# Supplied data:
[Start of Attachment]

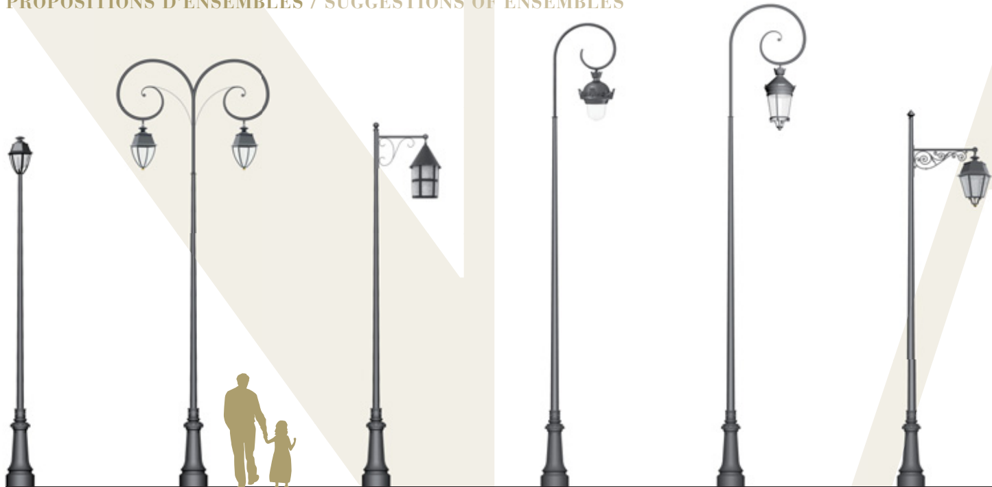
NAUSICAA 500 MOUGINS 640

[End of Attachment]
[Start of Attachment]

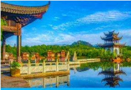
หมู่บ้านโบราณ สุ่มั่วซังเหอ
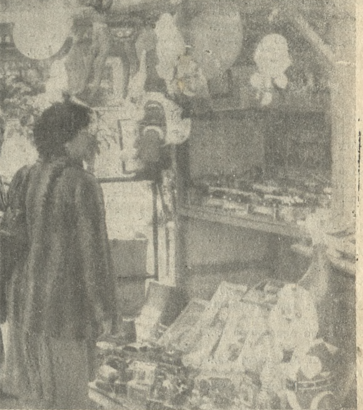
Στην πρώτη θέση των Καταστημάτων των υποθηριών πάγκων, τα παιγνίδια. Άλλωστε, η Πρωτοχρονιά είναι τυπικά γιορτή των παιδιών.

[End of Attachment]
[Start of Attachment]

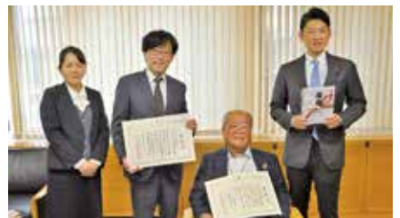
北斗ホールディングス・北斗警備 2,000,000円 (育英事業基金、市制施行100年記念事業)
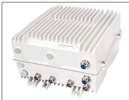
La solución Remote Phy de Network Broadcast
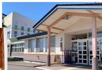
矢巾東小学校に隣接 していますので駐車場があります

[End of Attachment]

# Task objective:
Set down again, word for word, every line from the one with "หมู่บ้านโบราณ สุ่มั่วซังเหอ" to the one with "Στην πρώτη θέση" in the entries above, and omit the pictures.

# Response area:
หมู่บ้านโบราณ สุ่มั่วซังเหอ
Στην πρώτη θέση των Καταστημάτων των υποθηριών πάγκων, τα παιγνίδια. Άλλωστε, η Πρωτοχρονιά είναι τυπικά γιορτή των παιδιών.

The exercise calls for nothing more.